Print exactly the lines below between the line holding "Here is the" and the line holding "Two Tone Sweatshirt🏈", inclusive, and nothing more.

==== DATA SUPPLIED ====

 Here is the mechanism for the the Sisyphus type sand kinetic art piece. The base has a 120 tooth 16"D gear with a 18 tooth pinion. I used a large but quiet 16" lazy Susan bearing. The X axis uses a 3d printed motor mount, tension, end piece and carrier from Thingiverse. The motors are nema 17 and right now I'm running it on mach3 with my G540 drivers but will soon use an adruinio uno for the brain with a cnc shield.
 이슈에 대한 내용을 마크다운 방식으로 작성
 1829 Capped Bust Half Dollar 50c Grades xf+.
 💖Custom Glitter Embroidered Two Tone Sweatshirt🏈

====
==== DATA SUPPLIED ====

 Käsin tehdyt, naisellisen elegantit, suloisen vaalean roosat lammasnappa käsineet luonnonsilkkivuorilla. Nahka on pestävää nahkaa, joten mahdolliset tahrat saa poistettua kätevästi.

====
==== DATA SUPPLIED ====

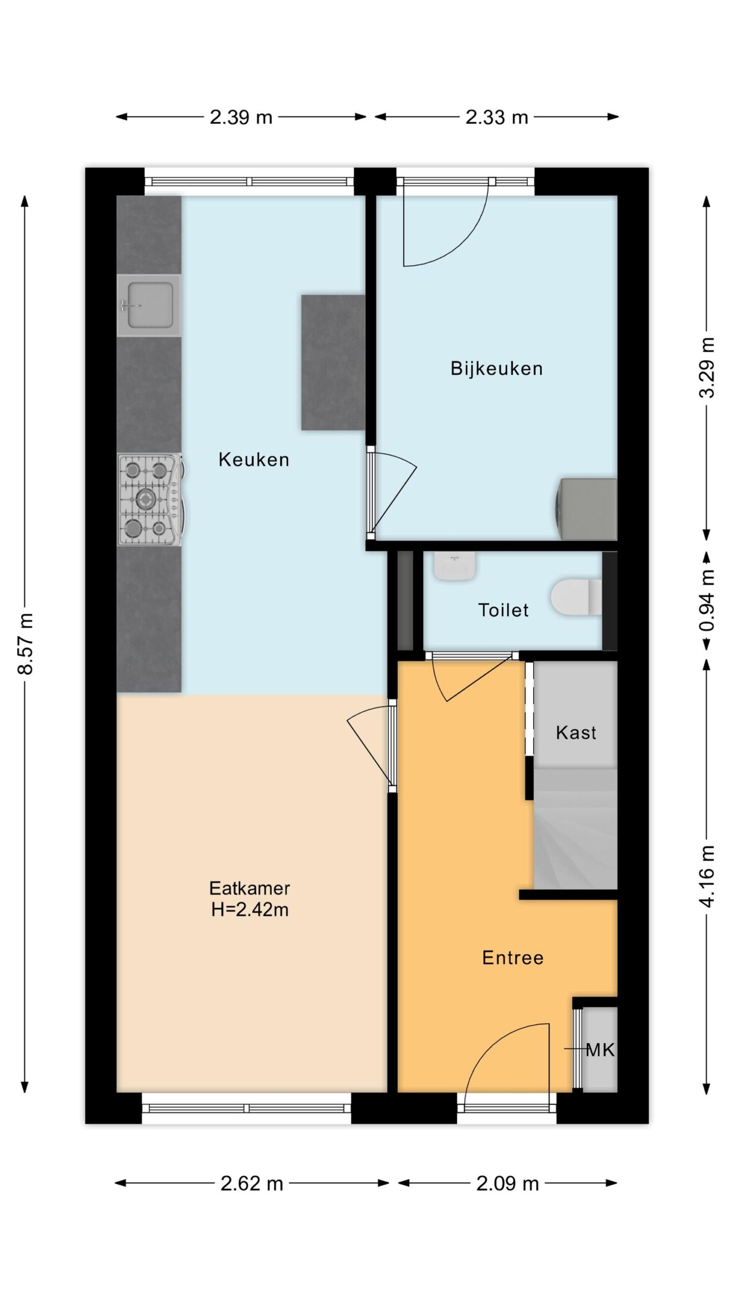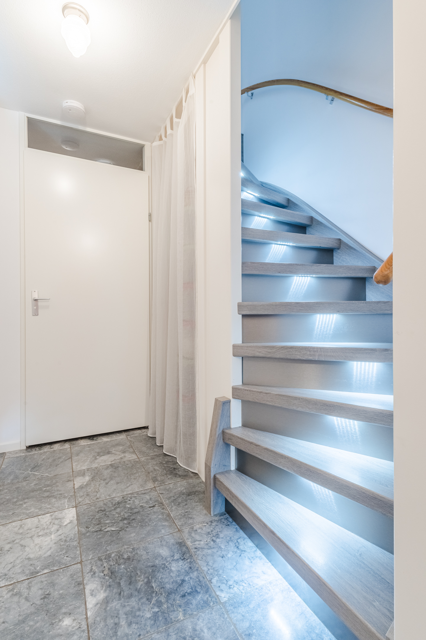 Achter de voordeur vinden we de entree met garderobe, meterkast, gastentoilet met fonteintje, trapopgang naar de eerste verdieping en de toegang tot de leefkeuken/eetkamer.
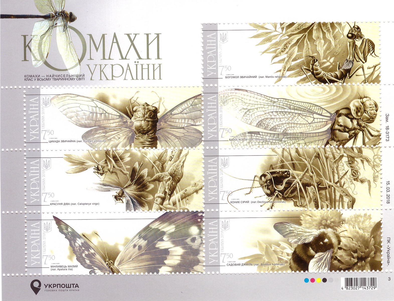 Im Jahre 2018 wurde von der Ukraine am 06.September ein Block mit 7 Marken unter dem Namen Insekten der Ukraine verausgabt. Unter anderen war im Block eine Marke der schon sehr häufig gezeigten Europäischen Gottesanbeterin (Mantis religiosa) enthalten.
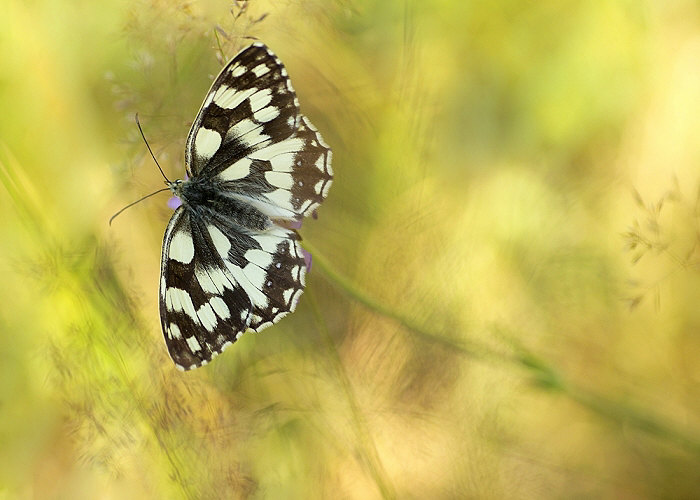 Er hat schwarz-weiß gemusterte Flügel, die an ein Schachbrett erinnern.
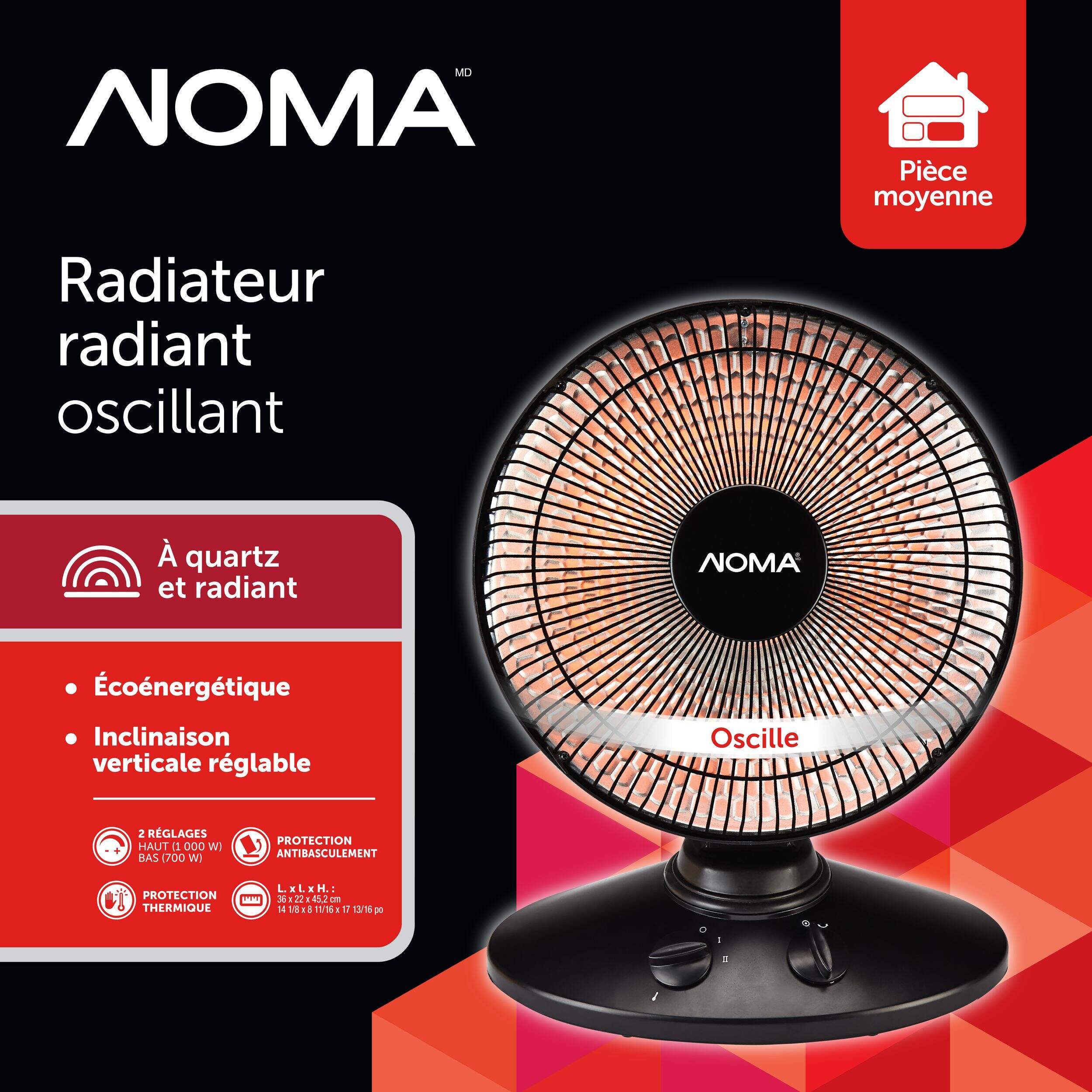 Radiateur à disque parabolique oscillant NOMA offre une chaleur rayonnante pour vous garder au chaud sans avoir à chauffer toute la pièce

====

SOLUTION -
 Here is the mechanism for the the Sisyphus type sand kinetic art piece. The base has a 120 tooth 16"D gear with a 18 tooth pinion. I used a large but quiet 16" lazy Susan bearing. The X axis uses a 3d printed motor mount, tension, end piece and carrier from Thingiverse. The motors are nema 17 and right now I'm running it on mach3 with my G540 drivers but will soon use an adruinio uno for the brain with a cnc shield.
 이슈에 대한 내용을 마크다운 방식으로 작성
 1829 Capped Bust Half Dollar 50c Grades xf+.
 💖Custom Glitter Embroidered Two Tone Sweatshirt🏈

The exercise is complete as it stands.